### Exercise requirements
Below this line is the material. Write out only its lines from the one containing "Battle (Open) | ||" through the one containing "Choisissez ces belles", both kept, exactly.

### Material shown
--------------------

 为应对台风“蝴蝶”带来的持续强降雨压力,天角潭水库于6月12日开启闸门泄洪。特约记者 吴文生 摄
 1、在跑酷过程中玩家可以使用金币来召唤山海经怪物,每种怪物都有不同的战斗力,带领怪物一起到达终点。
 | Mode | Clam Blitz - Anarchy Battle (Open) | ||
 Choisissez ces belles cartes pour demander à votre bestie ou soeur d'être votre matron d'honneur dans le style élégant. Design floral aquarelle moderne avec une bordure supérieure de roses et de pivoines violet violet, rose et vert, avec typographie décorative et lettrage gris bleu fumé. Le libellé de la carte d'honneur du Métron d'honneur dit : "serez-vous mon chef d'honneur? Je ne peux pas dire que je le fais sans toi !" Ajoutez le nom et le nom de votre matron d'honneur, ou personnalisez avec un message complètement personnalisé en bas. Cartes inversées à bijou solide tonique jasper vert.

--------------------

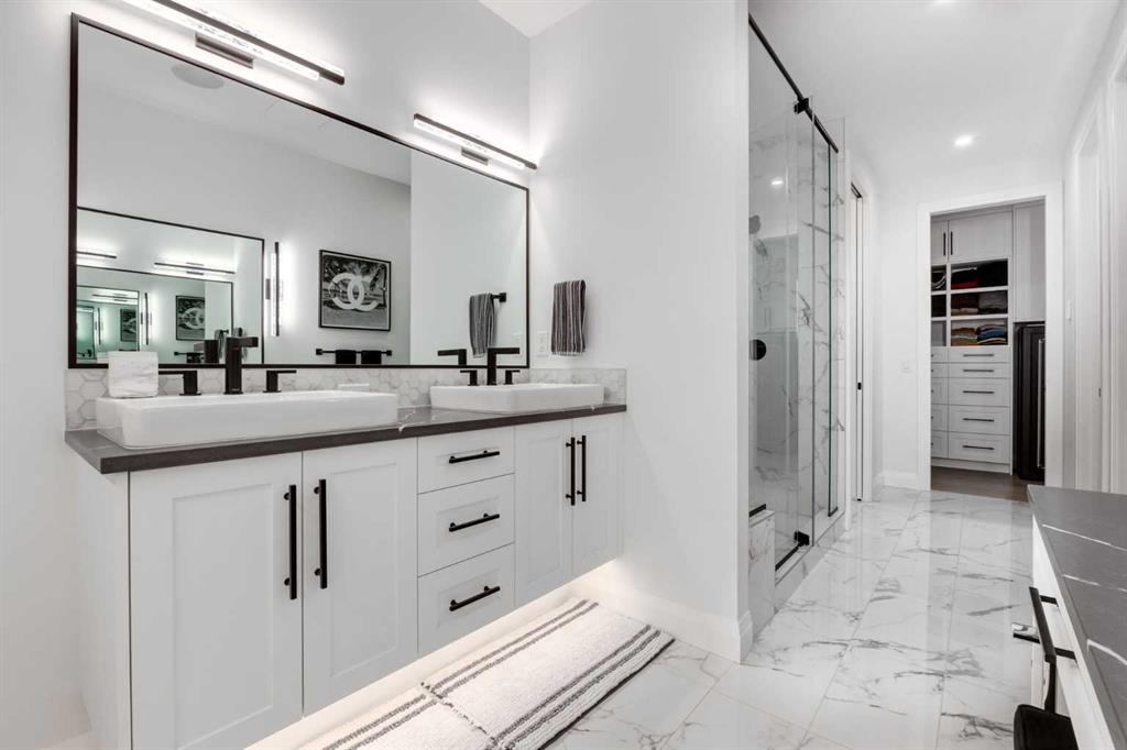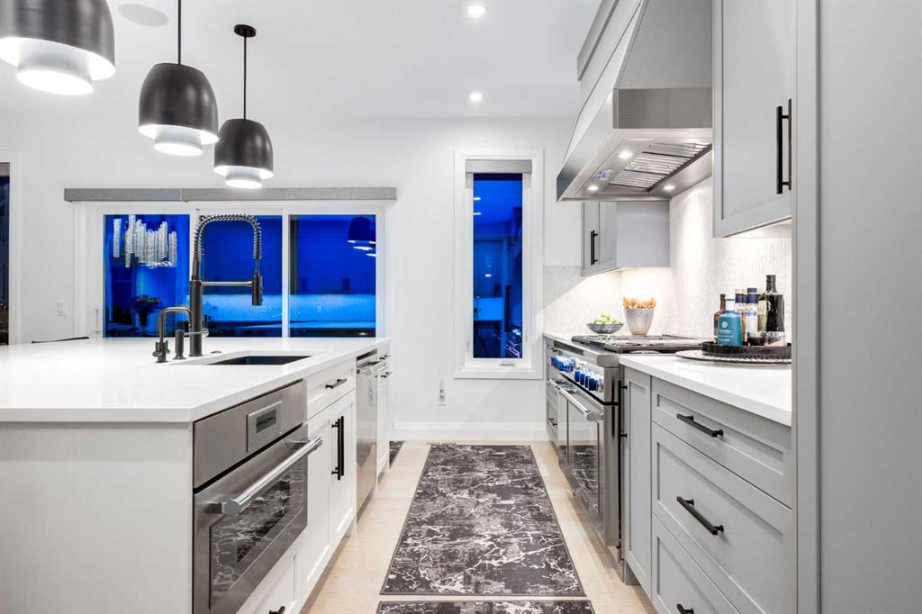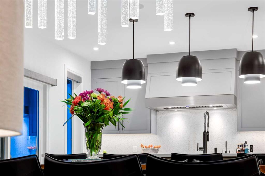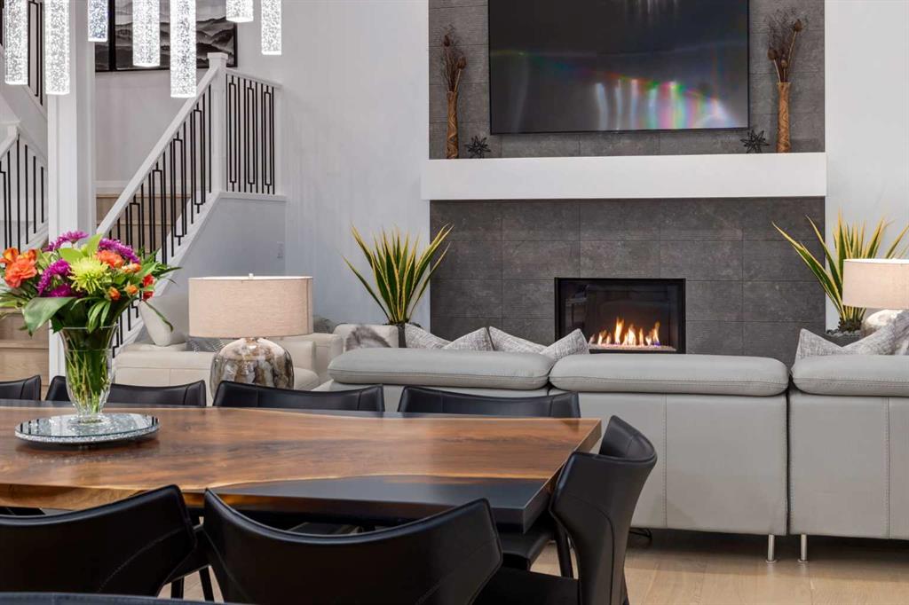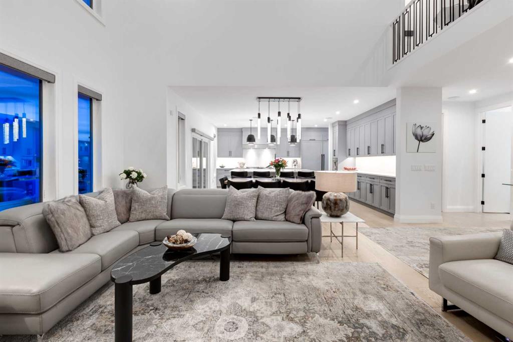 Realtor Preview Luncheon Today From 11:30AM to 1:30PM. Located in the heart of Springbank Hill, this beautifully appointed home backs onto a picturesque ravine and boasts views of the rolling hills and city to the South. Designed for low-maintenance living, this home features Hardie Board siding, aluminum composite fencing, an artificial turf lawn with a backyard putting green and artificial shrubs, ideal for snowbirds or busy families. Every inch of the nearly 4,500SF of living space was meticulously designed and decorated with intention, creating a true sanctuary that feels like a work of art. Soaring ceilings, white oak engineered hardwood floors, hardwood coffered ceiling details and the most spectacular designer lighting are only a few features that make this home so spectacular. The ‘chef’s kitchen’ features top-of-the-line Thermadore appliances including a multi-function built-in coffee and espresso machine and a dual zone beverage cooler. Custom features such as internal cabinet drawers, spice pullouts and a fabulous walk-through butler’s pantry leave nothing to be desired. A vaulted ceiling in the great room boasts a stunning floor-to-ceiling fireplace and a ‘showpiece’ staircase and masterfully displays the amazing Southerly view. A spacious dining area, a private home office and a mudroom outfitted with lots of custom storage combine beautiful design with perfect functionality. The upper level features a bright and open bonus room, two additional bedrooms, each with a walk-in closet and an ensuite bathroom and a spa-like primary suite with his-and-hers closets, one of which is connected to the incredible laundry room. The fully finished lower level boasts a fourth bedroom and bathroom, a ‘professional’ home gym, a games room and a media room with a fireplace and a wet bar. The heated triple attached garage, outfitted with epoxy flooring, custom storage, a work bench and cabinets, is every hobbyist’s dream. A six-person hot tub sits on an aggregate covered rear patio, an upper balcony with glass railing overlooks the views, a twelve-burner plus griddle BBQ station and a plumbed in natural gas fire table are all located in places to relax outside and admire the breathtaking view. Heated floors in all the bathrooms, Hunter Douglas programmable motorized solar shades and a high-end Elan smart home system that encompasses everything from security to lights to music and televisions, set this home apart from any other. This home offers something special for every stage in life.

--------------------

### Result of this exercise
 | Mode | Clam Blitz - Anarchy Battle (Open) | ||
 Choisissez ces belles cartes pour demander à votre bestie ou soeur d'être votre matron d'honneur dans le style élégant. Design floral aquarelle moderne avec une bordure supérieure de roses et de pivoines violet violet, rose et vert, avec typographie décorative et lettrage gris bleu fumé. Le libellé de la carte d'honneur du Métron d'honneur dit : "serez-vous mon chef d'honneur? Je ne peux pas dire que je le fais sans toi !" Ajoutez le nom et le nom de votre matron d'honneur, ou personnalisez avec un message complètement personnalisé en bas. Cartes inversées à bijou solide tonique jasper vert.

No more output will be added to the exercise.